Witsies avoid initiation cut

SOME women students at Wits are being pressured by families to attend initiation school, forcing them to choose between their education and their culture—and possible “genital alteration”.

Two female students from Wits, one in her first year, the other in second, said they faced judgement and scorn from their families for choosing to stay at university rather than attend a “compulsory” initiation school in Venda. Both students asked not to be named for fear of being treated differently by their peers.

All initiation schools involve compulsory tests of virginity, during which elderly “gogos” look or insert fingers into the young women’s vaginas to determine if the hymen has been broken. Many also involve forms of “genital alteration” to make intercourse more pleasurable
to men.

The first-year student, currently studying politics, said her aunt accused her of not being a virgin and of engaging in premarital sex. She said her current “situation” was the main reason behind her reluctance, since these schools included a compulsory virginity test.

“They [the family] have accused me of trying to embarrass them. I’ve been told I will be a bad wife, because I am too headstrong,”
she said.

Both women said their families disapproved of their using their studies to avoid attending the school. Both were subjected to ridicule from their peers at home, as they were seen as “inadequate”.
“Sometimes I dread going to the village,” said one. “Some of the girls call us trees, just growing without discipline.”

“Some include training on how to please your husband both sexually and mentally … They teach a woman how to learn her place.”

She said the reason behind her reluctance to go to an initiation school is that she did not want to be “violated” with possible genital alteration.
Mercy Manci, a traditional healer and community activist from the Eastern Cape, said she knew of several initiation schools in
different tribes.

“These schools vary from tribe to tribe.

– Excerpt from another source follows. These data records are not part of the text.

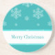 Whimsical and fun Let it Snow Holiday Dessous de verre en turquoise avec une cascade de flocons de neige dessinés à la main. Ce dessous de verre en grès amusant est parfait pour ajouter un peu de fraicheur saisonnier à tout décor tout en protégeant votre mobilier. Facile à customiser, ajoutez simplement le texte personnalisé de votre choix.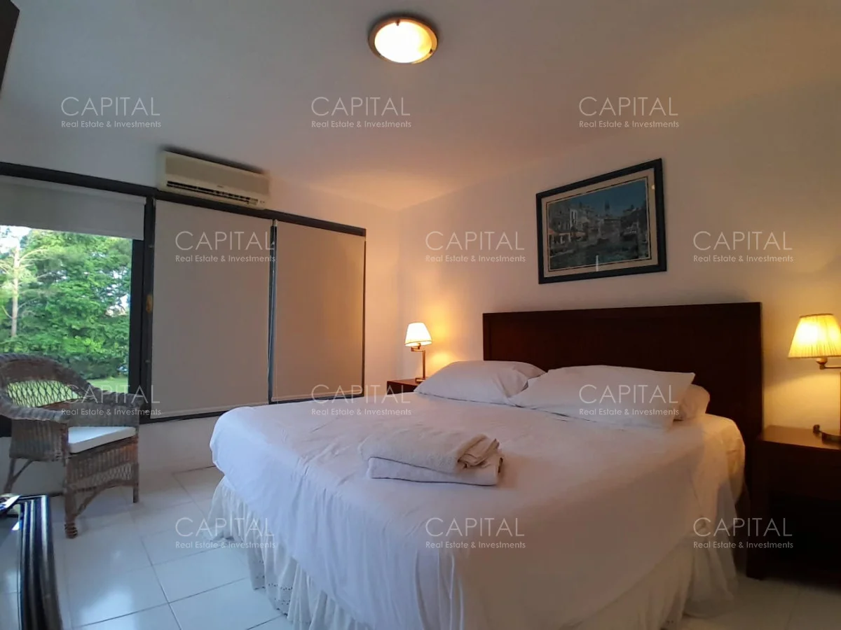 En un lote de 3400 m2 esta espléndida propiedad cuenta con un espacioso living con hogar a leña de alto rendimiento y grandes ventanales que permiten disfrutar el jardín desde el interior de la casa. Comedor diario y estar. Cinco dormitorios en suite, más toilette y escritorio. Amplia cocina definida, completamente equipada.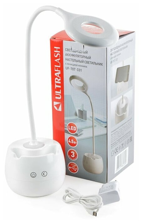 Светильник настольный аккумуляторный с пеналом, 707 С01 белый 20LED Ultraflash NEW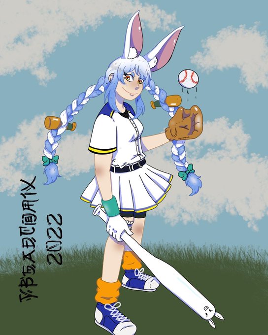 Next up on the Bat is @usadapekora ! For the prompt bat in her infamous baseball league uniform! #inktober #inktober2022 #hololive #vtuber #usadapekora #digitalart #art
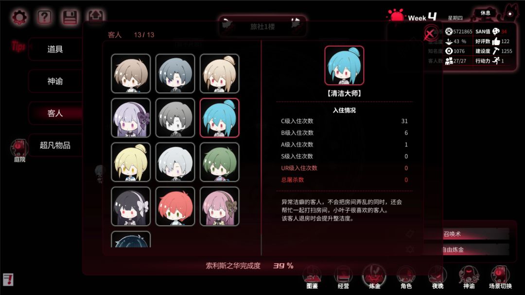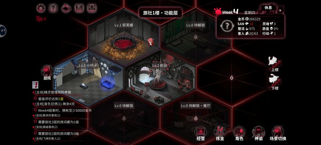 (结局没有截图)第一次想认认真真评价一个游戏,以下仅代表个人观点,顺便讲讲心得吧 总体来说,我给9分, 0.5是UI太小了,特别是烹饪食材的时候…… 0.5分是行动力…… 游戏里面比较重要的数值我认为就只有“金币”这个东西,除此之外就是整洁度,其余的无关紧要,后面我会说。 每天两点行动力,早晚各一, 先来说说房间。前期就是完成任务升级房子就行(召唤客人那个任务做不做看个人,不重要),房租是收入的一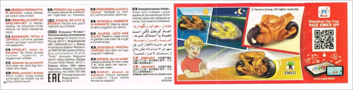 Motos phosphorescentes - Kinder Sprinty EN031 à EN034 - 2018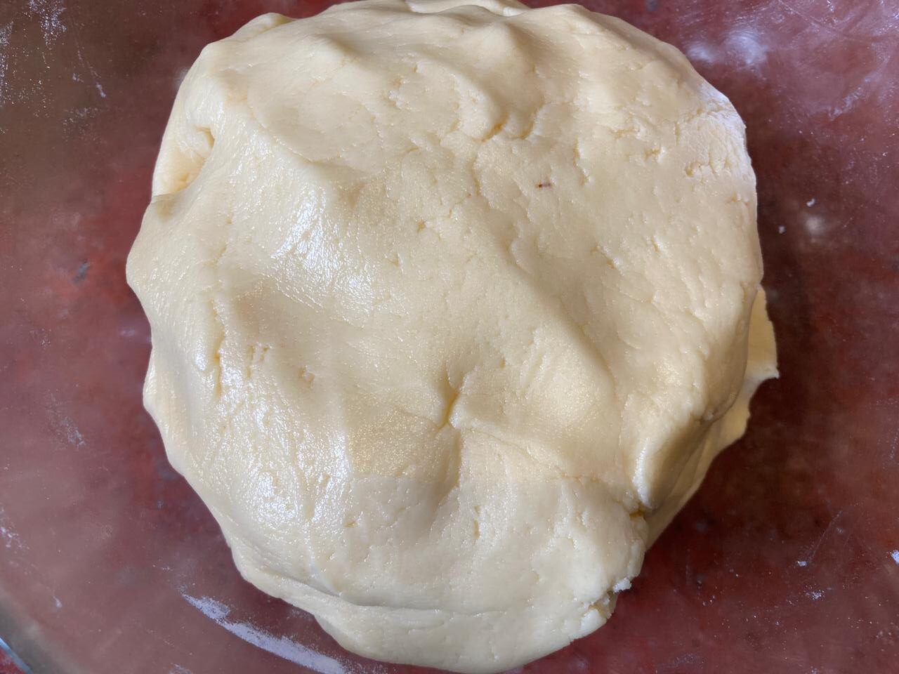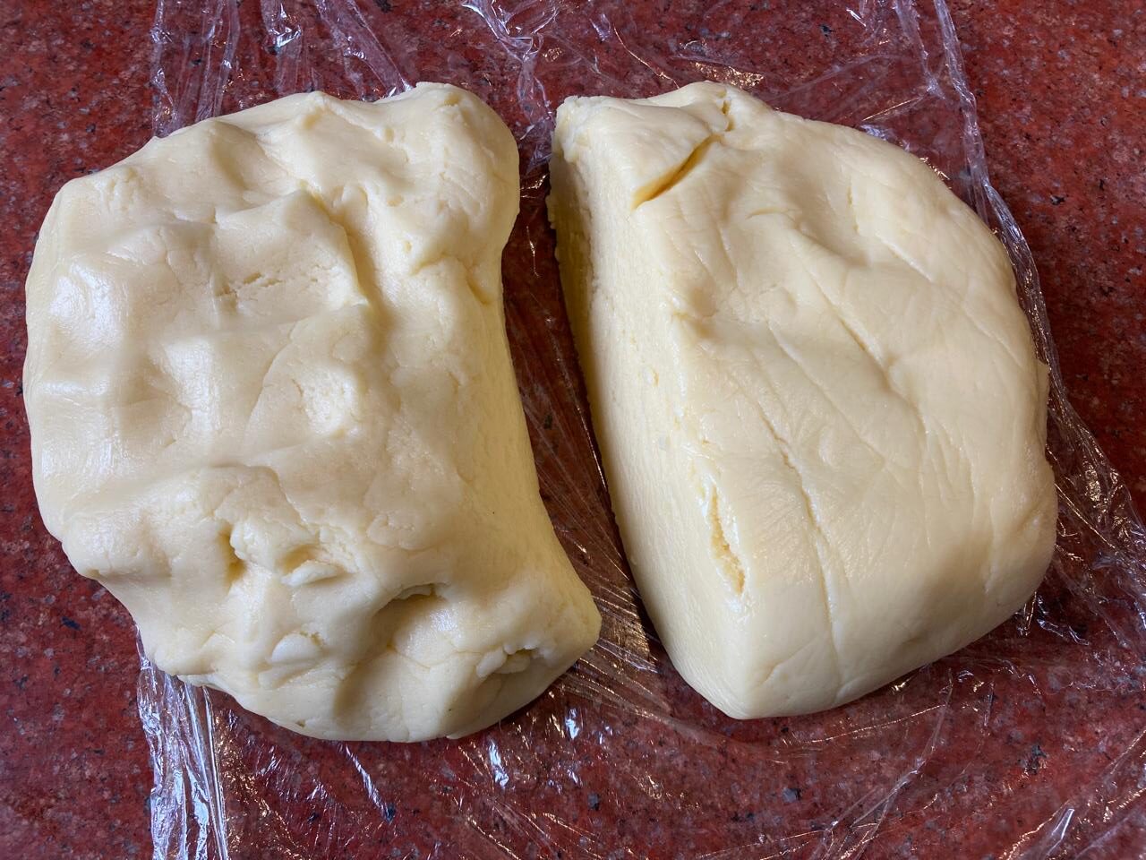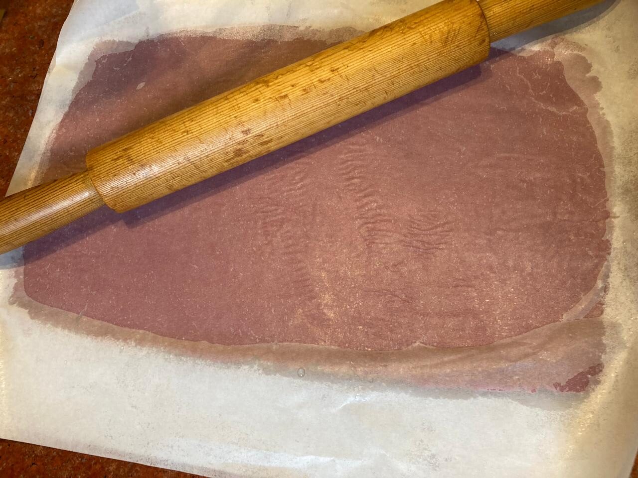 - После охлаждения, тесто складываем один пласт на другой. Прокатываем скалкой по верхнему слою теста, без сильных нажатий. Прокатываем просто для склеивания двух пластов теста.

Some include training on how to please your husband both sexually and mentally,” she said. “They teach a woman how to learn her place.”

Different forms of genital alteration were practised in different schools. “There is a practice where females are supposed to tug on the inner labia repeatedly until it stretches to a certain length and there is another where they are to squeeze and slice the clitoris in the middle. This ensures that the male genitalia does not slip out during sex and that the intercourse
lasts longer.”

However, not all initiation schools practised genital alteration, Manci said. The initiation can last anywhere from seven days to two weeks, starting with a compulsory virginity test. If a girl was found to be “whole” [a virgin] the old women would ululate, but if a girl was found to be “damaged”, the old women would sound their disapproval loudly.
The virginity test was then followed by teachings on behaviour in male company, reproductive health, sexuality and how to run a household. The women had to avoid certain foods during initiation since these were believed to arouse them. They had to eat traditional foods like umnqusho (samp) and sweet potatoes to “strengthen her endurance and core”.

During initiation, girls dressed in a certain way and painted their faces with clay. This signalled their unity with the ground and their ancestors. Each returned to her family for a graduation ceremony, after which they were seen as “ripe” and traditionally ready for marriage.

Female initiation schools are still a common part of the compulsory rite of passage into womanhood – some operating secretly and others publicly. They are meant to equip young women with “all that is needed in the journey to becoming a ‘good wife’.”

“They told me that if I don’t go then I won’t know how to handle my man.”

Tendani Makwarera, a Venda woman who once attended an initiation school, told Wits Vuvuzela the classes were designed to help a girl through the transition to womanhood and taught them how to behave in a marriage.
“I had to go when I was sixteen and it was compulsory. They told me that if I don’t go then I won’t know how to handle my man.”
She explained that she actually enjoyed the process, which lasted two weeks.

“When I look at the woman of today, they don’t have a long heart [endurance], which is why there are more divorces. When you look at the women who went there you see that they don’t divorce at all.”
Since she was the only girl in the family, she appreciated the lessons as she had no one else to teach her. She did agree that, initially, she was afraid of the older women who taught them since these women were said to do “funny things to you”.

Prof Robert Thornton teaches a course on ‘Sex, Culture and Society’ at Wits, which covers the area of Female Genital Modification, also referred to as Female Genital Mutilation, (FGM).
“Why it [initiation] raises so many questions is because it somehow opposes the popular, scientific culture that says that sex is somehow natural rather than cultural,” he said. “In fact in reality, we do have to learn how to do sex.

We have to learn how to fulfil those roles, which is done one way or another; either formally by the gogos and the rituals or fumbling about in the dark.”
He said the aim of these rituals was to legitimate the initiation, to give knowledge and validate the process of becoming a woman. According to the World Health Organisation (WHO), FGM procedures can cause severe bleeding and problems urinating, and later cysts, infections, infertility as well as complications in childbirth and increased risk of new-born deaths.
According to the WHO website: “FGM is recognized internationally as a violation of the human rights of girls and women.

“It reflects deep-rooted inequality between the sexes, and constitutes an extreme form of discrimination against women.”